BACKGROUND: Left bundle branch area pacing (LBBAP) has been rapidly adopted despite a lack of leads with approved indications for LBBAP. OBJECTIVE: This study aims to analyze the performance of a 6Fr active fixation, stylet-driven lead in LBBAP. METHODS: The multicenter INSIGHT-LBBA registry analyzed consecutive LBBAP implant attempts with INGEVITY+ leads. Data were retrospectively collected with standardized entry via REDCap. Prespecified safety (lead-related complication [LRC]-free rate with performance goal >
90% at 3 months) and effectiveness (pacing capture threshold [PCT] ≤2 V@ 0.4 ms and R-waves ≥5 mV
3-month performance goal = 80%) endpoints were analyzed. External validation of lead effectiveness was performed on a separate cohort of LBBAP patients from the LATITUDE remote monitoring database. RESULTS: The study enrolled 1122 single- or dual-chamber pacemaker patients from 8 US sites (mean age 76 ±10 years, 43% female, 48% atrioventicular [AV] block, 40% sinus node dysfunction). Those successfully implanted had a median follow-up of 302 days. Left bundle or left septal capture was achieved in 95.6% of patients (1073 of 1122) and 89.6% of leads (1073 of 1197, 1.07 leads per patient).
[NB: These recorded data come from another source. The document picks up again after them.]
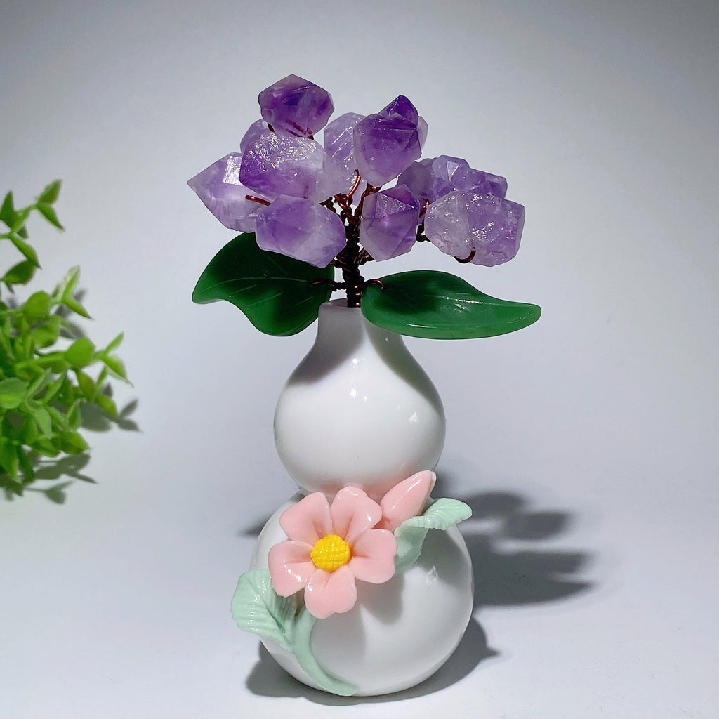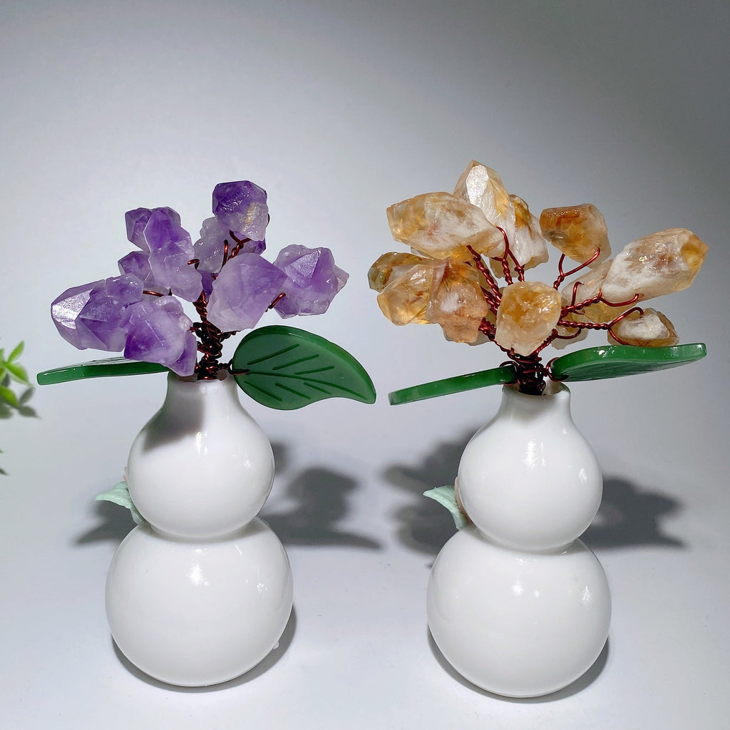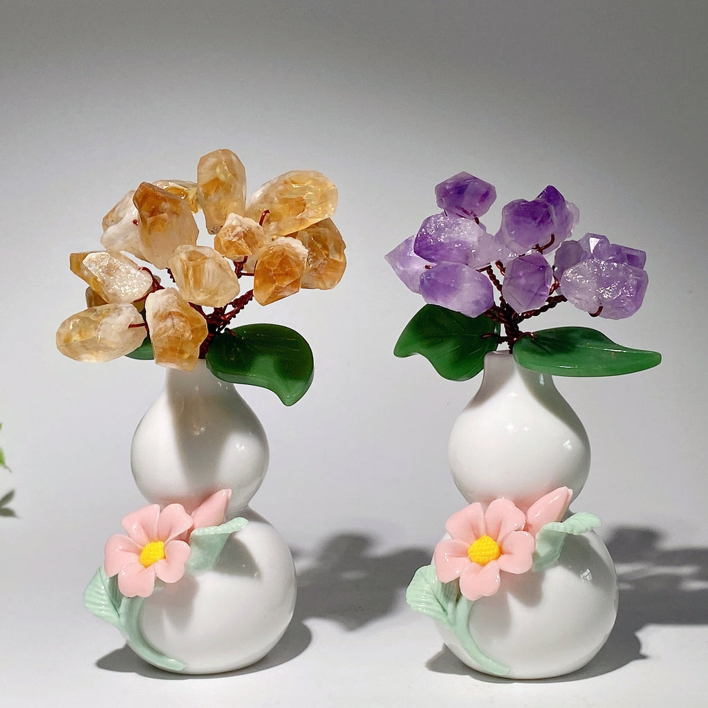 Ce vase en céramique est orné de cristaux d'améthyste et de citrine , reconnus pour leurs bienfaits spirituels. L'améthyste favorise le calme et la clarté, tandis que la citrine favorise la prospérité et l'énergie, ce qui en fait un ajout idéal aux espaces de méditation et de ressourcement.
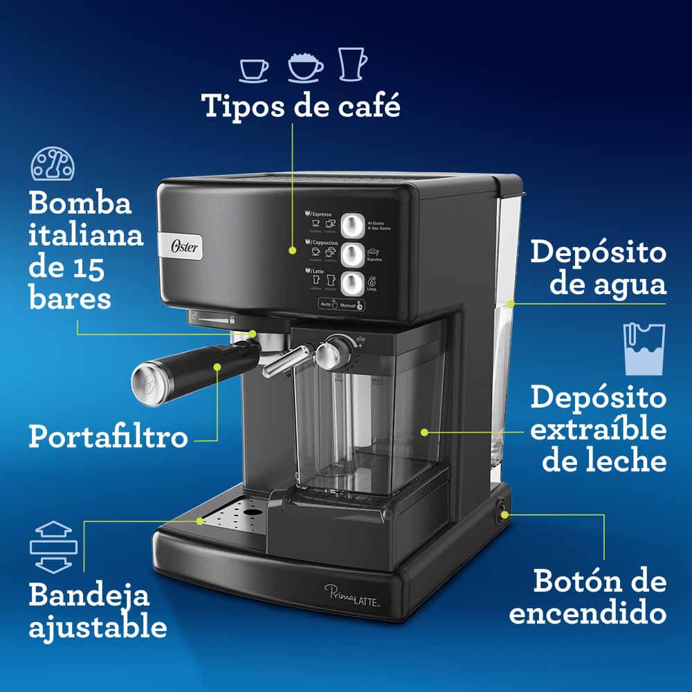 Vive la experiencia de un café auténtico y delicioso que ofrece la cafetera automática de espresso Oster® PrimaLatte™. Ahora con funciones que te permiten disfrutar variedades de bebidas, desde espresso, capuccinos y lattes, hasta el uso de cápsulas de Dolce Gusto*. Todo al toque de un botón.
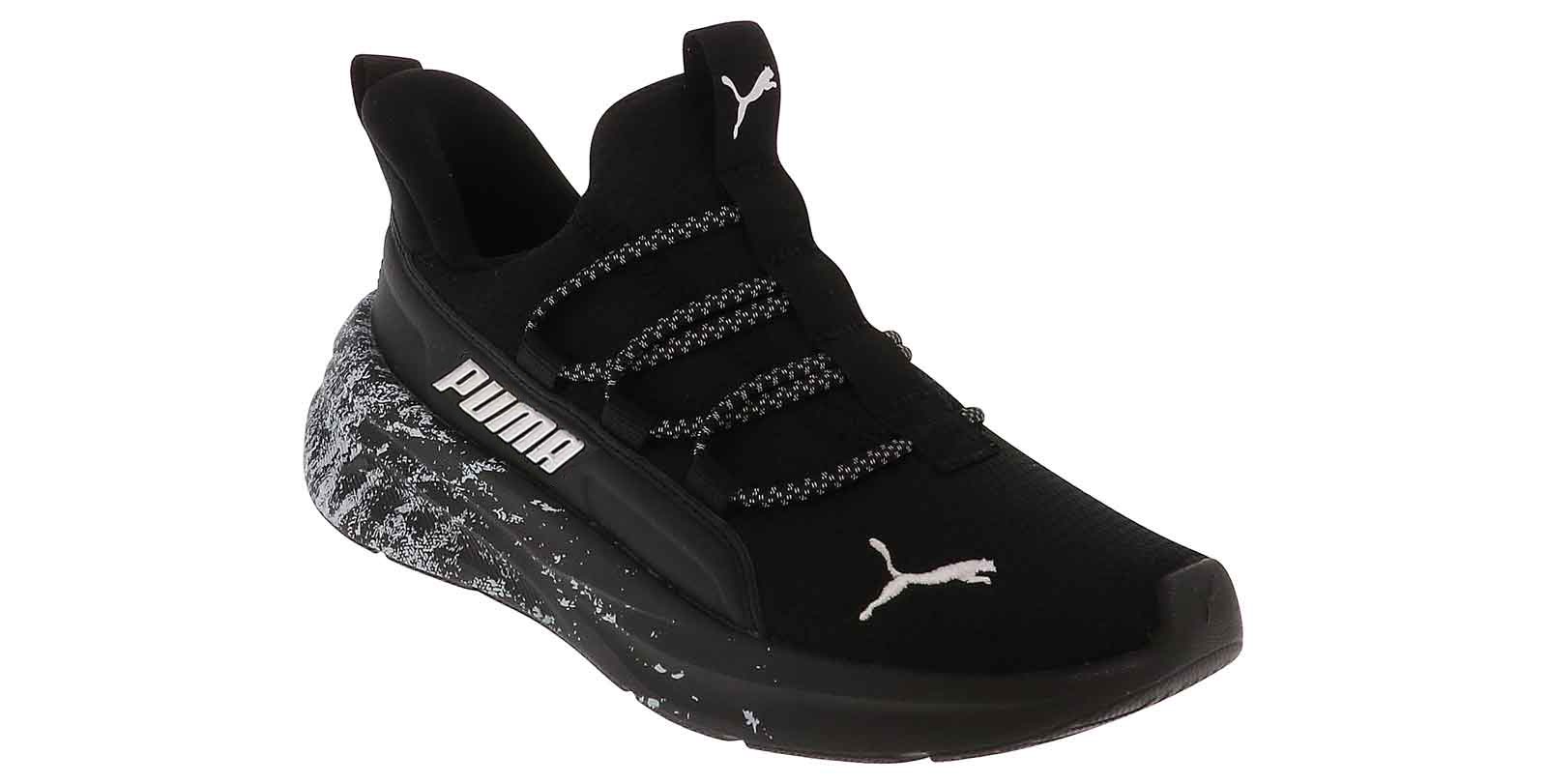 Fuel your child’s active adventures with the Puma One4All 2.0 BlizzRizz Youth Boys’ (11-3) Athletic Shoe! This sporty slip on style features a breathable mesh upper and a lightweight outsole for ease in every stride. The cushioned insole and no-tie elastic laces offer superb comfort and security. Keep your young athlete active and cool with the Puma One4All 2.0 BlizzRizz Youth Boys’ (11-3) Athletic Shoe.
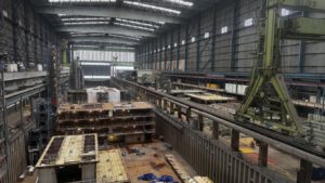 Auf dem Gelände findet man dann noch mehrere kleinere Hallen: hier werden im Wesentlichen die Stahlschnitte und Schweißarbeiten durchgeführt. Diese Arbeiten sind der Hauptteil an Arbeiten, die auf der Werft durchgeführt werden müssen.
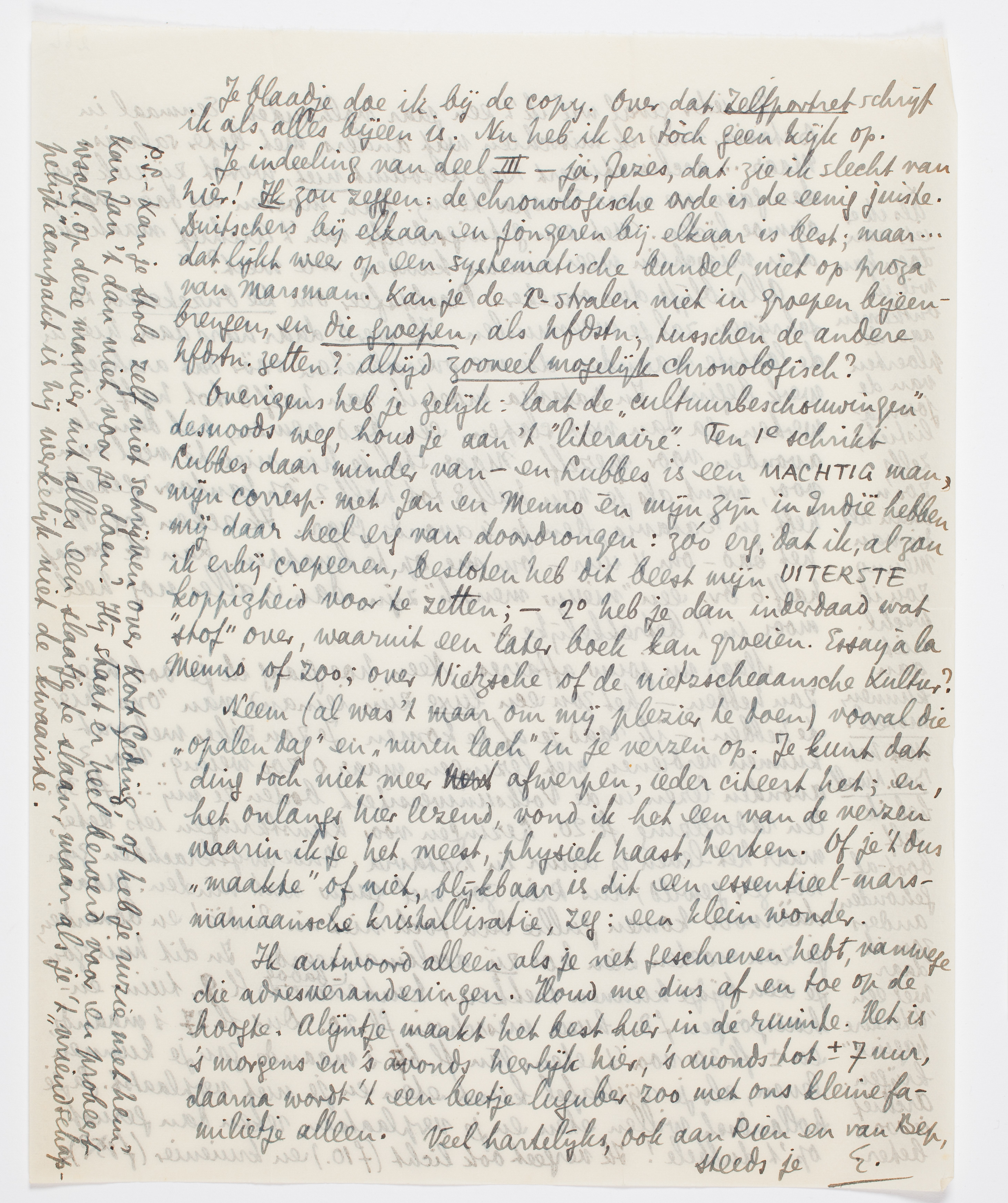Overigens heb je gelijk: laat de ‘cultuurbeschouwingen’ desnoods weg, houd je aan 't ‘literaire’. Ten 1e schrikt Lubbes daar minder van - en Lubbes is een MACHTIG man, mijn corresp. met Jan en Menno èn mijn zijn in Indië hebben mij daar heel erg van doordrongen: zóo erg, dat ik, al zou ik erbij crepeeren, besloten heb dit beestje mijn UITERSTE koppigheid voor te zetten; - 2o heb je dan inderdaad wat ‘stof’ over, waaruit een later boek kan groeien. Essay à la Menno of zoo; over Nietzsche of de nietzscheaansche Kultur?4812
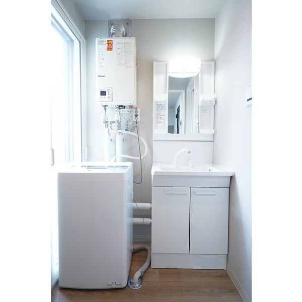 - 風呂、トイレ(水洗)、洗面台(独立)、浴室乾燥機、暖房便座、シャワートイレ、洗髪洗面化粧台、洗濯機置場(室内)
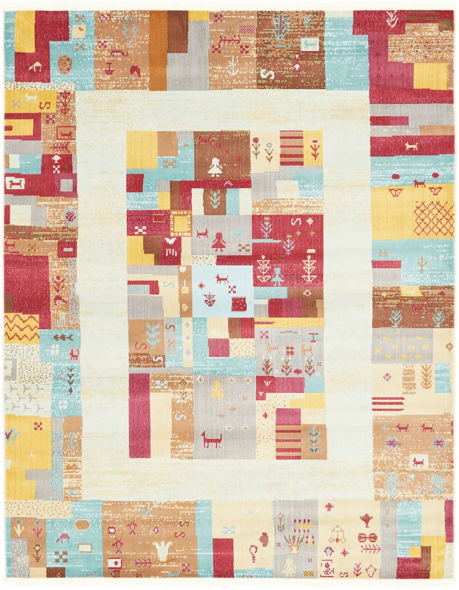 Primary color is Multi. Colors in this rug include: Multi, Blue, Brown, Gold, Ivory, Light Green, Tan, Pink.
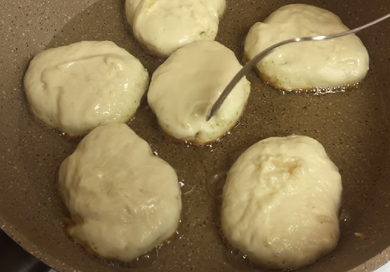 Po tym czasie czas na rozgrzanie patelni. Formując małe placuszki na patelnię nakładamy w odstępach po 1 łyżce ciasta. Całość należy usmażyć na średnim ogniu z dwóch stron na złocisto – brązowy kolor.
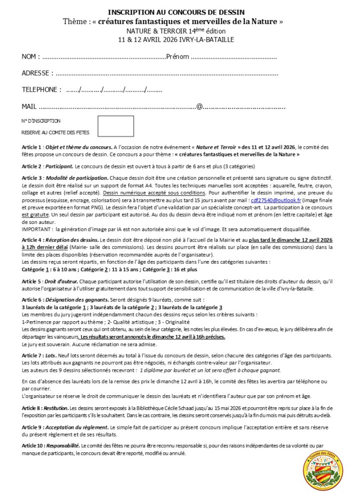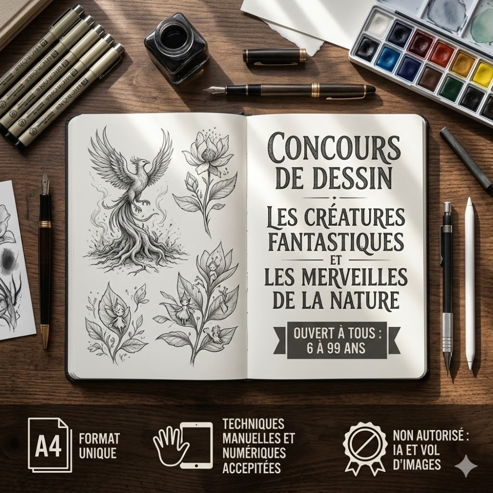 • ️ Imaginez : Grand concours de dessin « Créatures fantastiques & Merveilles de la Nature » (ouvert de 6 à 99 ans ! Lots à gagner).

The 3-month LRC-free rate was 97.7% (lower confidence limit [LCL] 96.6%) with an LRC-free rate of 97.2% at 24 months. At 3 months, 98.8% (LCL 97.7%) of PCTs were ≤2 V, and 94.8% (LCL 92.7%) of sensed amplitudes were ≥ 5 mV. Results were stable through 24 months
864 LBBAP implants were analyzed in the external validation cohort, and lead effectiveness was clinically indistinguishable across datasets. CONCLUSION: In this study of an active fixation, stylet-driven lead, all prespecified performance goals for pacing, sensing, and LRC rates were met when used for LBBAP. External validation demonstrated concordant results. CLINICAL TRIAL REGISTRATION: NCT06014866.